Skip site navigation (1)Skip section navigation (2)
Date:      Thu, 28 Feb 2019 16:55:42 +0200
From:      Konstantin Belousov <kib@freebsd.org>
To:        Mark Millard <marklmi@yahoo.com>
Cc:        FreeBSD PowerPC ML <freebsd-ppc@freebsd.org>, freebsd-hackers Hackers <freebsd-hackers@freebsd.org>
Subject:   Re: powerpc64 head -r344018 stuck sleeping problems: th->th_scale * tc_delta(th) overflows unsigned 64 bits sometimes
Message-ID:  <20190228145542.GT2420@kib.kiev.ua>
In-Reply-To: <D3D7E9F4-9A5E-4320-B3C8-EC5CEF4A2764@yahoo.com>
References:  <D3D7E9F4-9A5E-4320-B3C8-EC5CEF4A2764@yahoo.com>

next in thread | previous in thread | raw e-mail | index | archive | help
On Thu, Feb 28, 2019 at 05:06:23AM -0800, Mark Millard via freebsd-ppc wrote:
> Basic context:
> 
> The code for sleeps of various forms depends
> on calls to:
> 
> static __inline sbintime_t
> sbinuptime(void)
> {
>         struct bintime _bt;
> 
>         binuptime(&_bt);
>         return (bttosbt(_bt));
> }
> 
> and comparisons with the return values, such
> as checking for timeouts. The upper 32 bits
> of the unsigned 64 bit result has the seconds
> and the lower 32 bits has the fraction as
> a multiplier of 1sec/(2**64).
> 
> An observed problem is that later sbinuptime calls
> sometimes end up with smaller values than earlier
> ones. (Past lisy freebsd-ppc messages give details.)

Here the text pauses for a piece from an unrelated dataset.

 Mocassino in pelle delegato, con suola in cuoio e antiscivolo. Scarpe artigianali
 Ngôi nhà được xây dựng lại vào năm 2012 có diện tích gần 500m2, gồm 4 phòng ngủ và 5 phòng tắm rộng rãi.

> This makes for problems with checking for timeouts
> when using later sbinuptime() calls after a timeout
> was initially detected against an earlier value:
> 
> A.0) timercb getting the earlier sbinuptime() value
> A.1) callout_process using that to detect a timeout,
> B)   sleepq_timeout checking the timeout again,
>      using a separate sbinuptime() call.
> 
> Some details about example values, overflows, and such follow.
> 
> I used the following sort of hacked code to report values when
> overflows happen:
> 
> #if defined(__powerpc64__) && defined(AIM)
> void
> binuptime(struct bintime *bt)
> {
>         struct timehands *th;
>         u_int gen;
> 
>         struct timecounter *tc; // HACK!!!
>         u_int tim_cnt, tim_offset, tim_diff; // HACK!!!

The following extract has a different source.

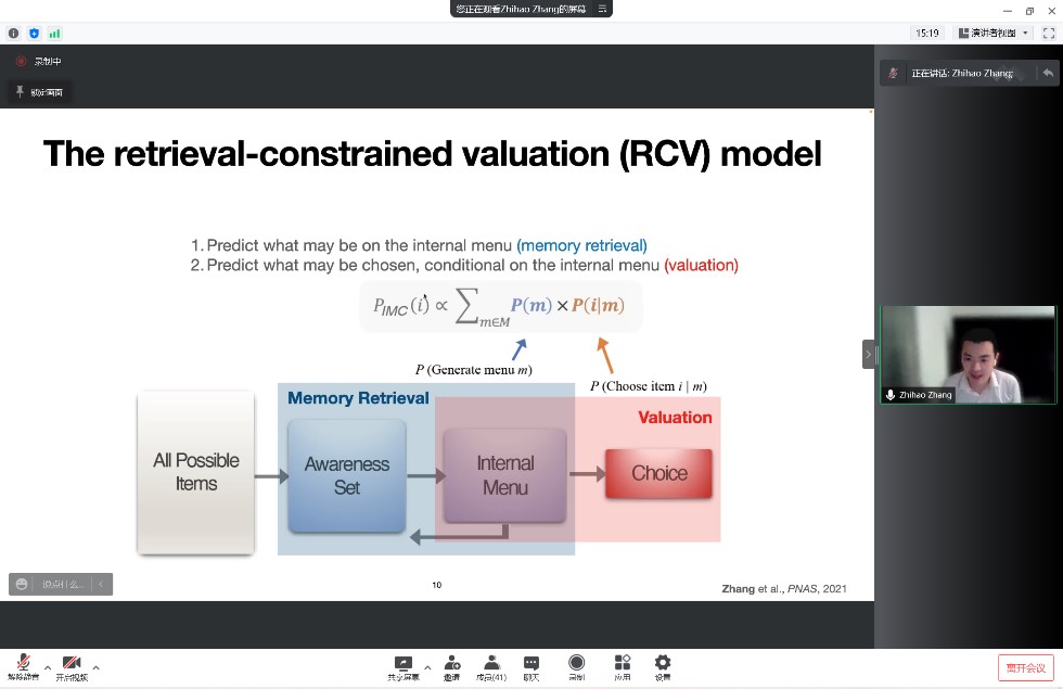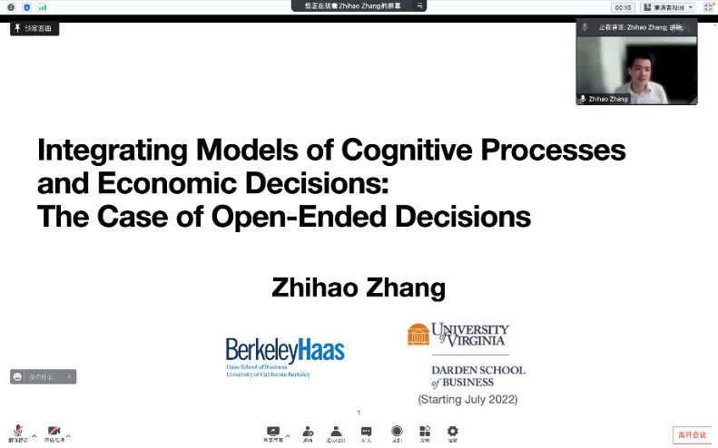 2022年3月18日上午,必赢邀请加州大学伯克利分校哈斯商学院(Haas School of Business, University of California at Berkeley)张之昊博士,通过线上会议的形式,作题为“认知过程和经济决策的整合模型——以开放式决策为例”的学术报告。本次报告由必赢青年教师胡杨副教授主持,共有40余名校内外师生参加。

>         uint64_t freq, scale_factor, diff_scaled; // HACK!!!
> 
>         do {
>                 th = timehands;
>                 tc = th->th_counter; // HACK!!!

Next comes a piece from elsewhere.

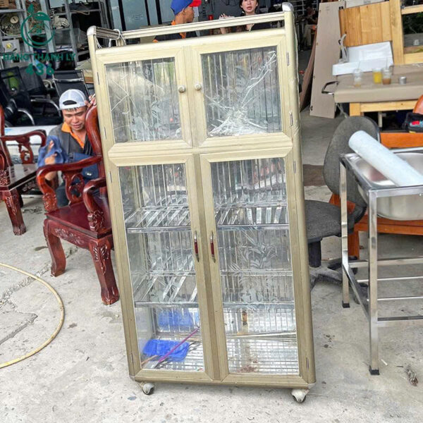 - Mô tả: Mẫu tủ chén cũ với thiết kế 4 cánh cửa kính kết hợp khung nhôm chắc chắn, giúp lưu trữ chén, bát, ly và các vật dụng bếp gọn gàng, sạch sẽ. Kính trong suốt cho phép dễ dàng quan sát bên trong, đồng thời tạo cảm giác hiện đại, sáng sủa cho không gian bếp. Các tầng kệ chịu lực tốt, không bị cong vênh khi để nhiều đồ. Bánh xe dưới chân giúp di chuyển tủ nhẹ nhàng mà không tốn sức.

>                 gen = atomic_load_acq_int(&th->th_generation);
>                 *bt = th->th_offset;
>                 tim_cnt= tc->tc_get_timecount(tc); // HACK!!! (steps of tc_diff with values recorded)
>                 tim_offset= th->th_offset_count; // HACK!!!
>                 tim_diff= (tim_cnt - tim_offset) & tc->tc_counter_mask; // HACK!!!
>                 scale_factor= th->th_scale; // HACK!!!
>                 diff_scaled= scale_factor * tim_diff; // HACK!!!
>                 bintime_addx(bt, diff_scaled); // HACK!!!
>                 freq= tc->tc_frequency; // HACK!!!
>                 atomic_thread_fence_acq();
>         } while (gen == 0 || gen != th->th_generation);
> 
>         if (*(volatile uint64_t*)0xc0000000000000f0==0u && (0xffffffffffffffffull/scale_factor)<tim_diff) { // HACK!!!
>                 *(volatile uint64_t*)0xc0000000000000d0= freq;
>                 *(volatile uint64_t*)0xc0000000000000d8= scale_factor;
>                 *(volatile    u_int*)0xc0000000000000e0= tim_offset;
>                 *(volatile    u_int*)0xc0000000000000e4= tim_cnt;
>                 *(volatile    u_int*)0xc0000000000000e8= tim_diff;
>                 *(volatile uint64_t*)0xc0000000000000f0= diff_scaled;
>                 *(volatile uint64_t*)0xc0000000000000f8= scale_factor*freq;
>                 __asm__ ("sync");
>         }
> }
> #else
> . . .
> #endif
> 
> (mtfb() is used to provide the tc->tc_get_timecount(tc)
> value --but only the lower 32 bits are extracted and
> returned.)
> 
> Basically whenever tim_diff is such that:
> 
> (0xffffffffffffffff/scale_factor)<tim_dif
> 
> then diff_scaled overflows an unsigned, 64 bit representation,
> ending up with just the least 64 bits. This truncated value
> ends up being used in:
> 
>                 bintime_addx(bt, diff_scaled);
> 
> Observed consistently for tc->tc_frequency:
> 
> tc->tc_frequency == 0x1fca055 (i.e., 33333333)
> 
> ( tc->tc_counter_mask is 0xfffffffful as well. )
> 
> An example observation of diff_scaled having an overflowed
> value is:
> 
> scale_factor            == 0x80da2067ac
> scale_factor*freq overflows unsigned, 64 bit representation.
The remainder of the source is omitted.